I am Sally Coggle, I live in Melbourne, Australia. My photographic journey began in school, it was perhaps the first thing that ignited something deep inside of me. At the time I don’t think I really understood that it would become a part of my world forever in some way. But this is where it stopped for a long time, as I perused a career in advertising as a Designer and Art Director. I have had an amazing career, working with many talented commercial photographers and film makers. But inside, I wanted to be the person taking the photographs. So about ten years ago, I decided to stop working for a bit to concentrate on exploring my photography.
I think of myself as a photographer, as I shoot all different things; albeit my work is centred round the streets we live in. I’m a storyteller. Every picture captures a moment in time and alludes to a bigger journey. With an ethos of honesty, I try to capture tender moments and offer a window to the other’s world, capturing the little things that reveal the fragility of the human condition. These unexpected moments of intimacy, quiet reflection, laughter, dancing and spontaneity – are offered up with care and a sense of compassion.
My mind jumps around a lot, moving from one scene to the next. So, I find having different projects on the go at the same time valuable. I go where my heart and eyes lead me. I like my shots to trigger curiosity, tell a story or spark an emotional reaction.
Every opportunity I get. I try to always have my camera with me, just in case. I aim to get out a couple of times a week for dedicated shooting time, I’d like this to be a greater proportion of my week, but life sometimes gets in the way. I also love to travel so I try to put a photographic adventure in my calendar every year.
Anywhere… I can always disappear into the streets and my inner world wherever I am. I notice things in the most mundane places, that I’m attracted to. Many people would just walk past but my curious and optimistic mind see’s potential everywhere.

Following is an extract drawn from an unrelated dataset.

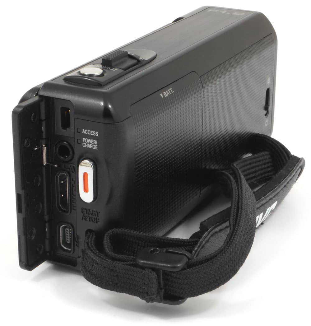 Индикаторы режимов работы и кнопка старт-стоп расположены на привычном месте — торце камеры. В верхней части корпуса, под большим пальцем правой руки, находятся не менее привычные рычажок зума и кнопка, нажатие которой приводит к созданию фотоснимка. Также на торце находится откидная дверка, под которой спрятаны вход адаптера питания, композитный аудио/видеовыход, порты Mini-HDMI и Mini-USB.
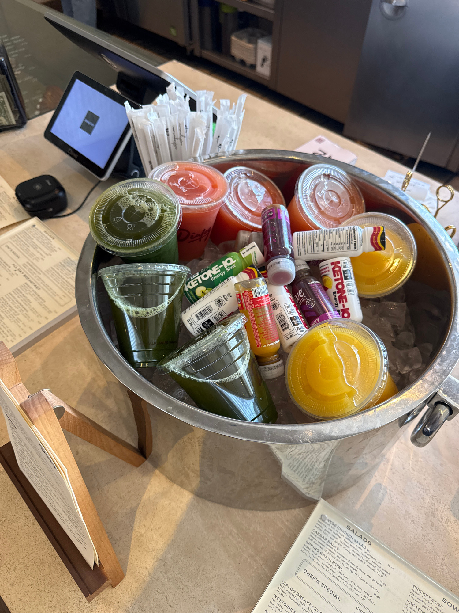 Here is a description of the image: **Scene**: The image shows a tabletop display of beverages and food options, likely at a restaurant or cafe. **Objects**: * A metal ice bucket containing an assor…read more

I’ve always seen the world in pictures, every conversation I have seems to be remembered by a series of frozen moments in my mind, I can remember the smallest of details about occasions, what someone was wearing, what they ate, how they moved their hand to tell a story, the way they greeted someone and so on, it seems I am constantly taking pictures even without my camera at times. I don’t seem to remember written words the same way, sometimes I don’t remember what I just read only moments later. But pictures make sense to me, and I’ve always liked my own company, so photography seems like a perfect partner.